Why doesn’t the government rein in Muslim militants? Indonesia’s President Megawati Sukarnoputri, like her predecessor Abdurrahman Wahid, has been reluctant to do so due to pressure from fundamentalist Islamic parties, said Marshall. But while Wahid apparently struck a deal with the Muslim parties to remain in power, in July those same parties helped Megawati oust Wahid.
The government of Indonesia could stop Laskar Jihad “if it had the will to do so,” a military officer in the Poso region told Snyder. “We have the arms, we have the forces, we could do it, I have no doubt about it,” said the officer, according to Snyder. But the problem is there are those even within the government itself who are profiting from this whole Jihad movement through the dealing of arms and bribery. It goes all the way to the top.”

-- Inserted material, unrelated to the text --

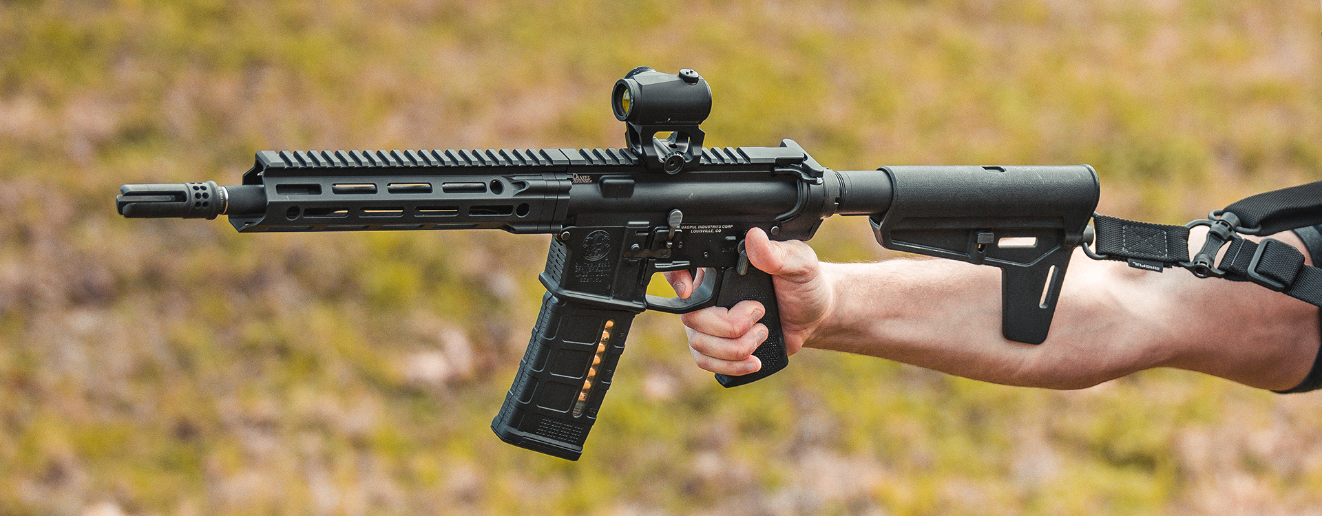 Un arm brace est un stabilisateur d’avant-bras conçu pour les plateformes pistolet, différent réglementairement d’une crosse. Vérifiez la législation en vigueur dans votre pays.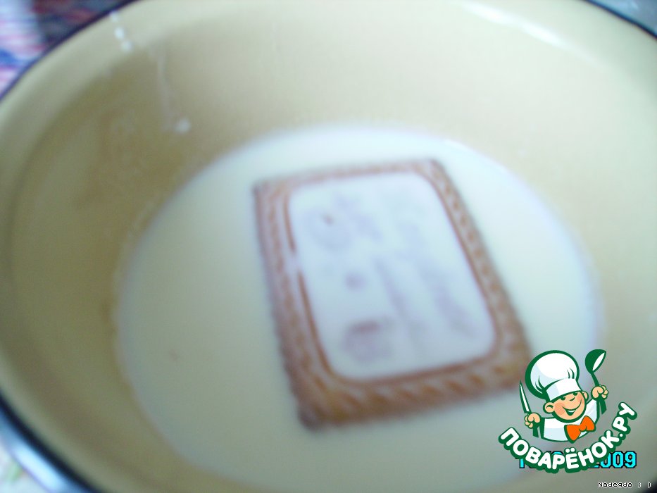Печенье смачиваем в молокe, выкладываем на фольгу или полиэтилен по 4 штуки в 3 ряда.

Tensions in Central Sulawesi between Christians and Muslims have similarities to other hot spots in eastern Indonesia, according to Marshall. For decades, parts of Sulawesi, along with the Malukus, East Timor and Irian Jaya have had a Christian majority that generally has lived at peace with its Muslim neighbors. But under the Suharto regime, from 1996 to 1998, the government began a policy of transmigration, relocating Muslims to these areas to relieve overcrowding on the islands of Java and Madura.
While this program had economic purposes, Marshall noted, many believe there was a political motivation: to head off separatism. Tension increased in the 1990s as resentment among the locals grew. Newcomers appeared to be garnering the best jobs, and Christians began fearing the influx of Muslims would make them a minority.
Those tensions have led to communal violence between Christians and Muslims in the Malukus and Central Sulawesi, Marshall said. He believes those problems are solvable by the respective communities, but the presence of Laskar Jihad makes reconciliation impossible. “They don’t want reconciliation,” he said. “They deliberately busted up attempts.”
Marshall said the international media generally have not made a distinction between communal violence and the current jihad attacks. “When I see newspaper accounts about ‘religious clashes’ – that is not a term I would use now. One year ago, yes; but not now.”
Laskar Jihad is “engaged in a policy of religious cleansing,” Marshall asserted.
Snyder believes international pressure is required to stop the bloodshed.
“Personally, I believe that the United States has been so concerned about holding together the coalition against terrorism that they are afraid to hold leaders in these countries accountable,” he said.
“I am convinced that if the Christians in the United States would say, ‘These are our Christian brothers and sisters that are being annihilated, and we want our U.S. government to do something now,’ we could make a big difference,” Snyder said. “But why have we been so silent?”